第871話・工業の発展

Side:吉良義安


 次席に殿が座られ、上座に武衛様が入られた。しんと静まり返った部屋に弟が再び乱心せぬかと案じてしまう。


「両名とも面を上げよ」


 怯えておるようだが、それでも素直に従う弟に安堵した。こんな弟でも失いたくはない。

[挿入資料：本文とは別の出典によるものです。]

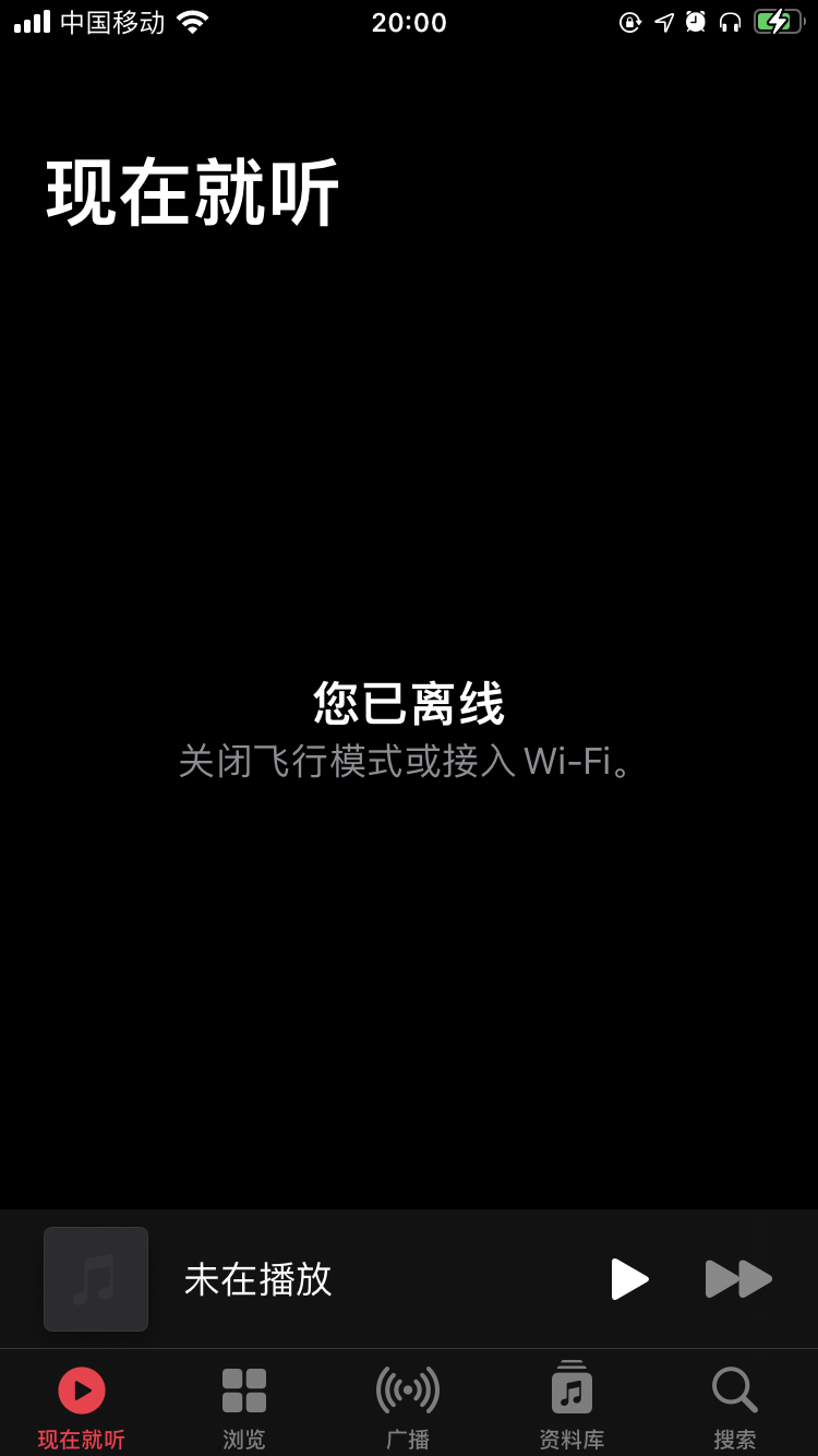 音乐软件只能在蜂窝移动数据下使用,连接Wi-Fi后就显示“您已离线”这是为什么?

「難儀をしたの。吉良殿。わしもそなたらのことを笑えぬ。内匠頭がおらねば立場が逆であったかもしれんからの。されどな、命あることは感謝せよ。内匠頭でなくば、そなたら兄弟はここにおらなんだはずだ。後の憂いとなるかもしれんのだからな」


「はっ、終生忘れぬように致します」


 ぱちりと扇子を閉じた武衛様は我らを諭すように語り始めた。その言葉に弟の顔色が悪くなる。吉良家の家柄を考えぬとは言わぬが、ちゅうせられても、所詮は公方様か幕臣かは知りえぬが幾許かの揶揄の後、奉公忠勤の求め、つまりは銭の無心で済むだろう。それはわしにもわかる。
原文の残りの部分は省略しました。